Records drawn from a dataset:
>>>>>
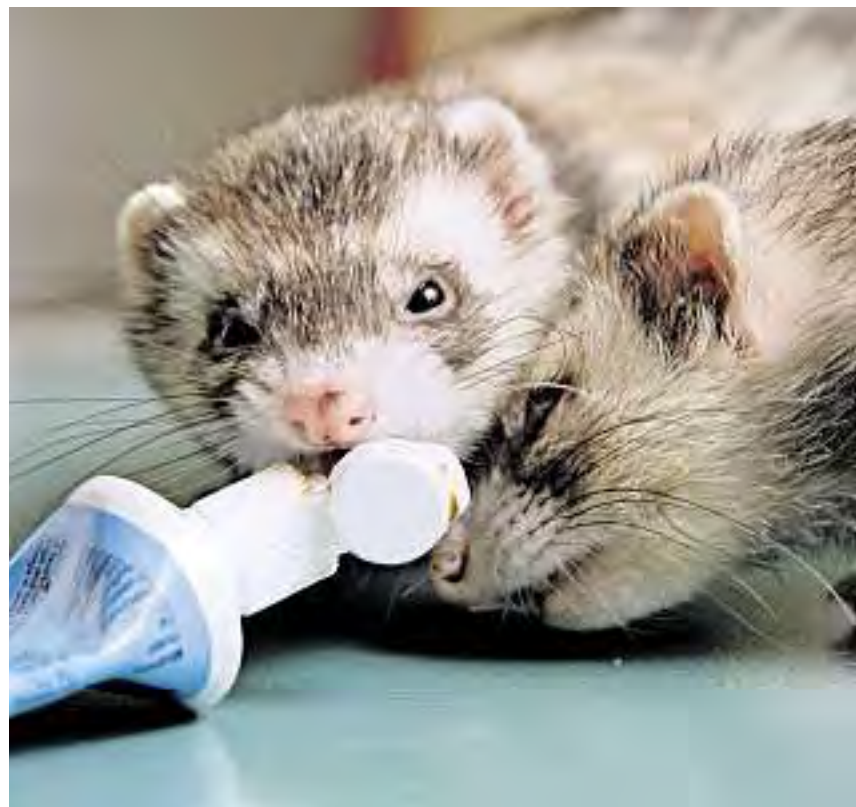
Les furets sont de gros dormeurs mais aussi de grands joueurs.

Pas étonnant lorsque l'on sait qu'en Suisse, pour détenir ce type d'animaux, il faut un permis délivré par le service vétérinaire cantonal pour une durée donnée et renouvelable. Dans d'autres pays comme les Etats-Unis ou la France, les furets sont devenus le troisième compagnon à poil après le chien et le chat. Passionnée par cet animal «intelligent, curieux, et qui dort beaucoup», la vétérinaire possède elle-même deux furettes: Hola , 7 ans et demi, et Lomé 5 ans et demi. «La première, nous sommes allés la chercher chez un éleveur, et la deuxième est arrivée devant la porte du cabinet dans un carton en pleine nuit... abandonnée», raconte la vétérinaire soulevant une problématique aux conséquences dramatiques: le grand nombre d'abandons qui touche ces animaux. «Quand on prend un animal, il faut penser à l'avenir, à sa durée de vie (cinq à huit ans pour les furets), à ses besoins quotidiens et à son éducation. Parfois, il vaut mieux choisir une bête qui vit moins longtemps et qui est peu encombrante plutôt qu'un animal exigeant.» Car si la loi sur les animaux domestiques est stricte en Suisse, c'est aussi pour éviter que
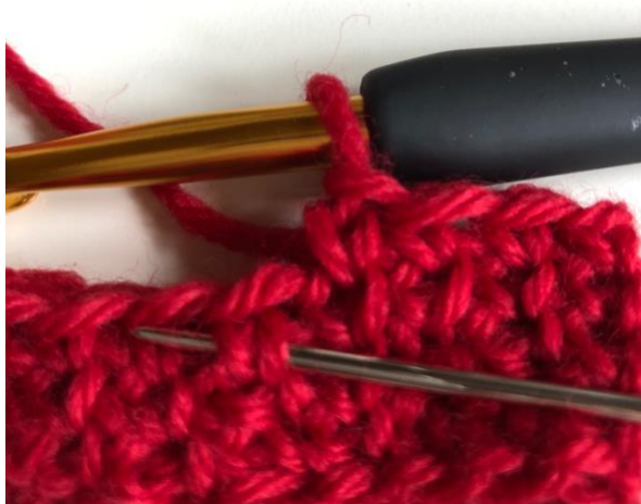
Stoppnålen visar v:et. Virknålen ska ner mitt i v.

Det krävs en hel del träning innan man får in rätt teknik, så träna gärna med restgarner och förbered dig på att det krävs både envishet och tålamod för att få in rätta snitsen med virknålen. Det finns också många bra videotutorials på nätet.
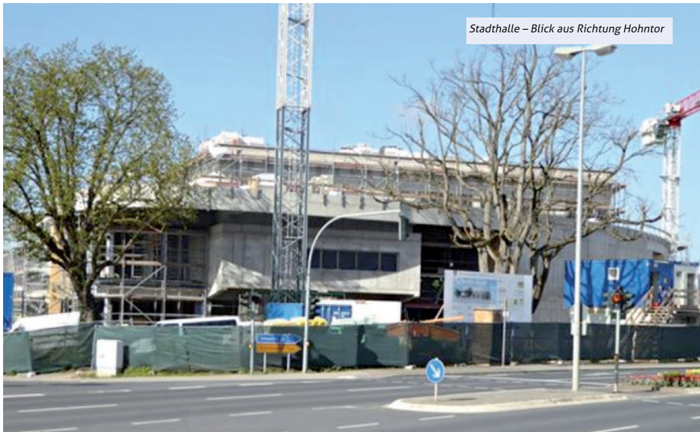
Stadthalle – Blick aus Richtung Hohntor

Nachdem sich die Bevölkerung zum Richtfest am 05.04.2016 erstmals ein Bild vom Inneren der neuen Stadthalle machen konnte, möchten wir Sie von dieser Ausgabe des Stadtmagazins an mit einer monatlichen Fotodokumentation über den Fortschritt der Bauarbeiten informieren.
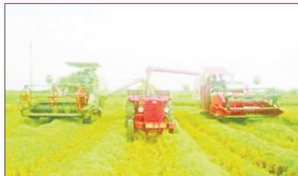
మునగాల, మార్చి 24, ప్రభాతవార్త :

మునగాల మండల కేంద్రంలో రబీ వరి కోతలు ముమ్మరంగా ప్రారంభమయ్యాయి. రబీ సీజన్లో నేటి వరకు బీడపీడలు తెగుళ్ళ కు పిచికారి చేసిన రైతులు దిగుబడి విషయాని కొస్తే భారీగా పెరిగినట్లు తెలుస్తుంది. సుమారు 40 నుండి 50 బస్తాల దిగుబడి వస్తున్నట్లు రైతులు తెలుపుతున్నారు. పెట్టిన పెట్టుబడులకు కొలు చేస్తున్న రైతులకు కొంతమేరకు మిగులుతాయని ఆశాభావం వ్యక్తం చేస్తున్నారు. దీని తోడు రేటు అనుకూలంగా ఉన్నట్లు తెలిపారు. కోతల సమయంలో వాతావరణం అనుకూలించాలని రైతులు వాతావరణ వైపు వాతావరణ సూచనలను అనుసరించడం జరుగుతుంది. తీరా పంట కోసే సమయంలో వాతావరణం లో మార్పులు కలగడం రైతుల గుండెల్లో గుబెలు పుట్టిస్తున్నాయి. ధాన్యం ధరలు తగ్గకుండా ఉండాలని పలు రైతులు కోరుకుంటున్నారు.
<<<<<
### Work required
Respond with the exact lines above running from the one containing "Stoppnålen visar v:et." to the one containing "Stadthalle – Blick aus Richtung Hohntor", both ends kept and no pictures included.

### Response to this exercise
Stoppnålen visar v:et. Virknålen ska ner mitt i v.

Det krävs en hel del träning innan man får in rätt teknik, så träna gärna med restgarner och förbered dig på att det krävs både envishet och tålamod för att få in rätta snitsen med virknålen. Det finns också många bra videotutorials på nätet.
Stadthalle – Blick aus Richtung Hohntor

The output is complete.